╭─ Data for this exercise

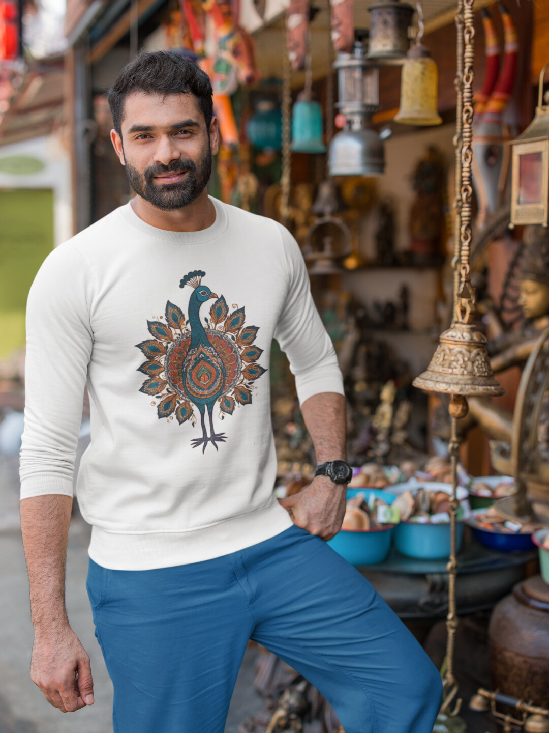 Step into a world of subtle elegance with our Heritage Peacock Sweatshirt—where tradition whispers through every thread. Crafted from 100% cotton and 300 GSM fleece, it’s thick enough to keep you warm yet breathable enough for all-day comfort. The unisex regular fit flows with ease, while ribbed cuffs and hem add a touch of structure to its relaxed charm.
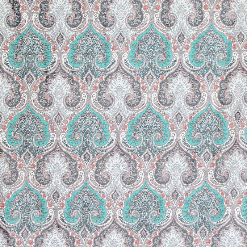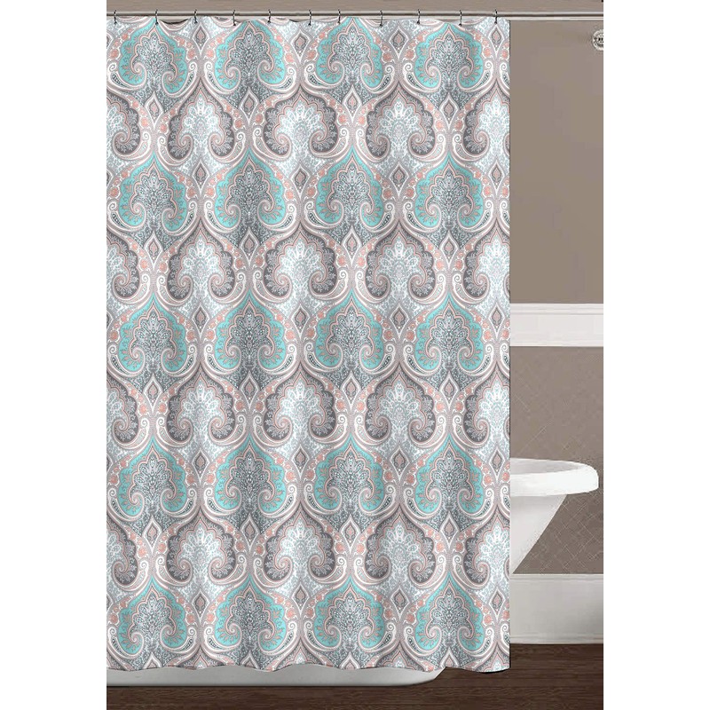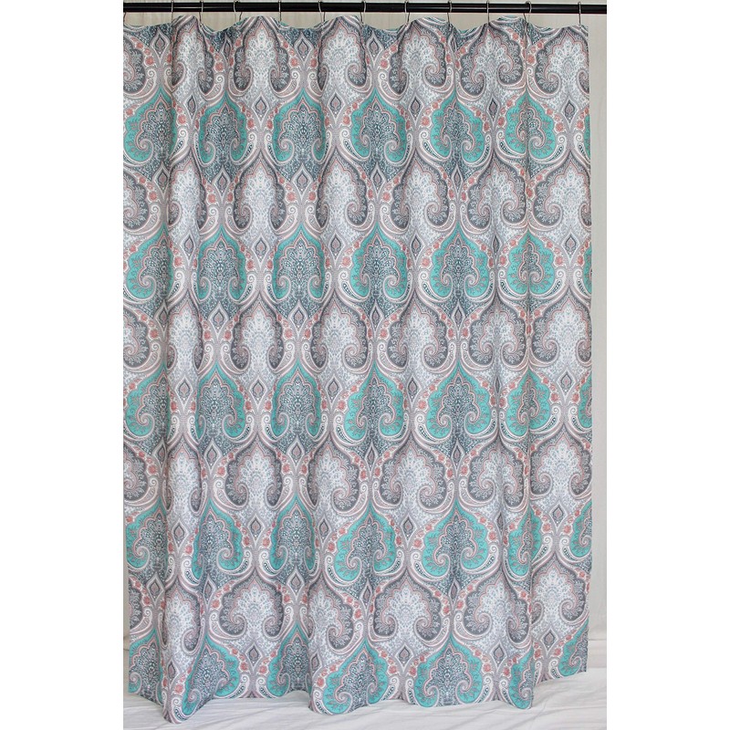 Decorative Fabric Shower Curtain: Teal Pink Grey Damask Design
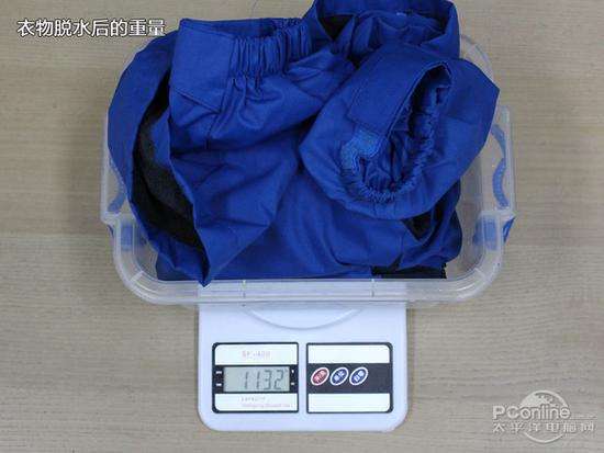 而衣物在洗衣结束,经过脱水后的重量为1132克,烘干测试也将以这件脱水后的衣物来进行。
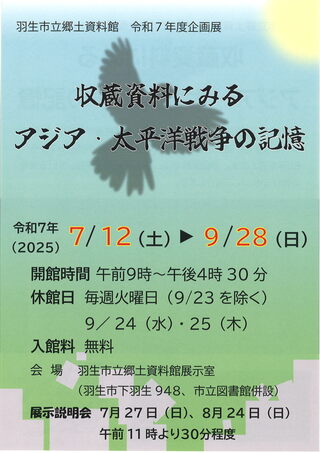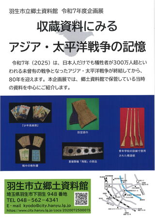 羽生市立郷土資料館では令和7年度企画展を開催します。今年は、日本人だけでも犠牲者が300万人超といわれる未曾有の戦争となったアジア・太平洋戦争が終結してから、80年の節目を迎えます。今回の企画展では、当館に収蔵されている軍服や学校関係の資料など戦争当時の資料を中心にご紹介いたします。是非、ご来館ください。
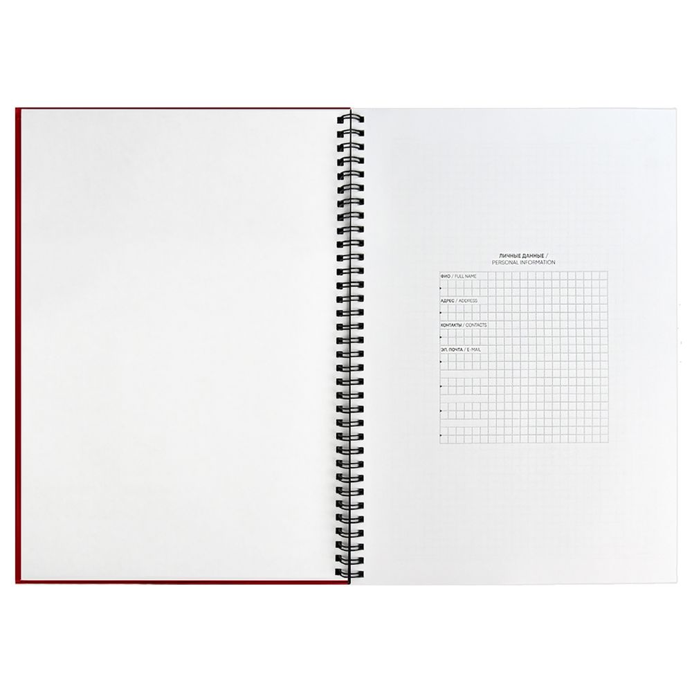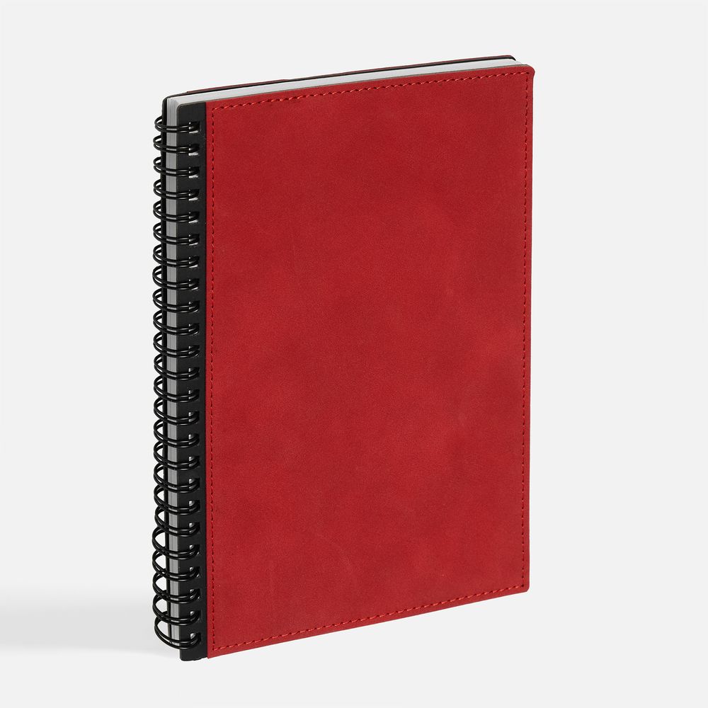 Ежедневник с интегральным переплетом, гибкой обложкой и обстрочкой по периметру на открытой пружине.
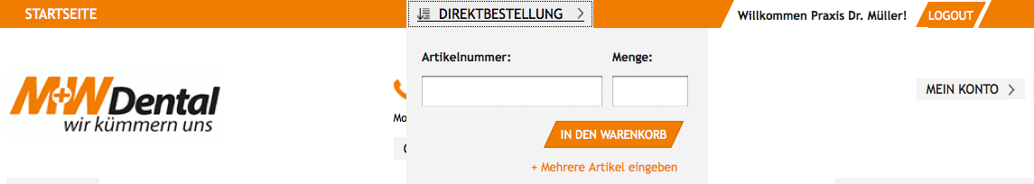 Klicken Sie dafür einfach auf „+ Mehrere Artikel eingeben“ und ein vollständiges Direktbestellformular erscheint.
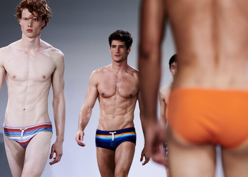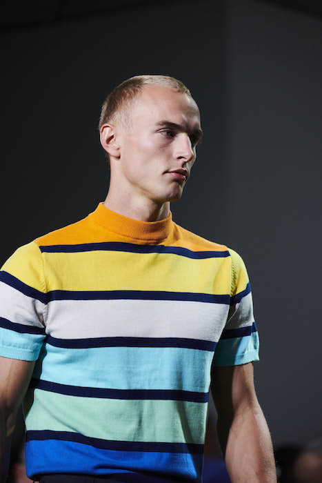 It’s haute alright. Sizzling swimwear for dudes in the PARKE AND RONEN happy patterned tradition. More summer gear in stripes (favorite) rainbow sweater, surf and skate. Backstage vibes and summer friendly smiles, PARKE AND RONEN SS19 nyfw:m. Here’s a look at fave details and moments backstage.
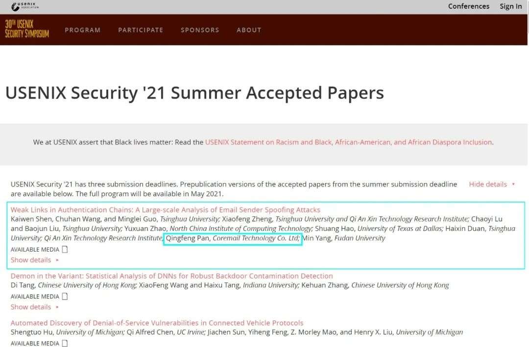 如何防范新型邮件发信人伪造攻击?Coremail 受邀分享最新研究成果!
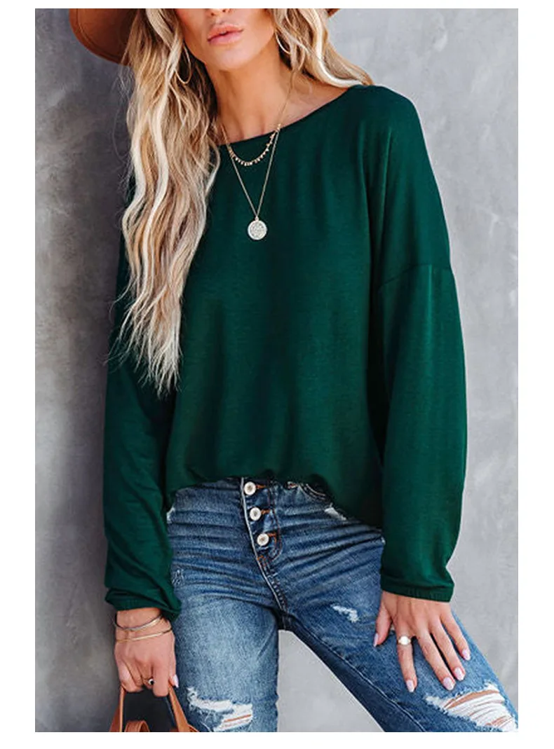 Langermet genser med rund hals for kvinner

╰─

◆ What needs to be done: Pictures are to be left out; please print the rest of the records above word for word.

◆ Task solution:
 Step into a world of subtle elegance with our Heritage Peacock Sweatshirt—where tradition whispers through every thread. Crafted from 100% cotton and 300 GSM fleece, it’s thick enough to keep you warm yet breathable enough for all-day comfort. The unisex regular fit flows with ease, while ribbed cuffs and hem add a touch of structure to its relaxed charm.
 Decorative Fabric Shower Curtain: Teal Pink Grey Damask Design
 而衣物在洗衣结束,经过脱水后的重量为1132克,烘干测试也将以这件脱水后的衣物来进行。
 羽生市立郷土資料館では令和7年度企画展を開催します。今年は、日本人だけでも犠牲者が300万人超といわれる未曾有の戦争となったアジア・太平洋戦争が終結してから、80年の節目を迎えます。今回の企画展では、当館に収蔵されている軍服や学校関係の資料など戦争当時の資料を中心にご紹介いたします。是非、ご来館ください。
 Ежедневник с интегральным переплетом, гибкой обложкой и обстрочкой по периметру на открытой пружине.
 Klicken Sie dafür einfach auf „+ Mehrere Artikel eingeben“ und ein vollständiges Direktbestellformular erscheint.
 It’s haute alright. Sizzling swimwear for dudes in the PARKE AND RONEN happy patterned tradition. More summer gear in stripes (favorite) rainbow sweater, surf and skate. Backstage vibes and summer friendly smiles, PARKE AND RONEN SS19 nyfw:m. Here’s a look at fave details and moments backstage.
 如何防范新型邮件发信人伪造攻击?Coremail 受邀分享最新研究成果!
 Langermet genser med rund hals for kvinner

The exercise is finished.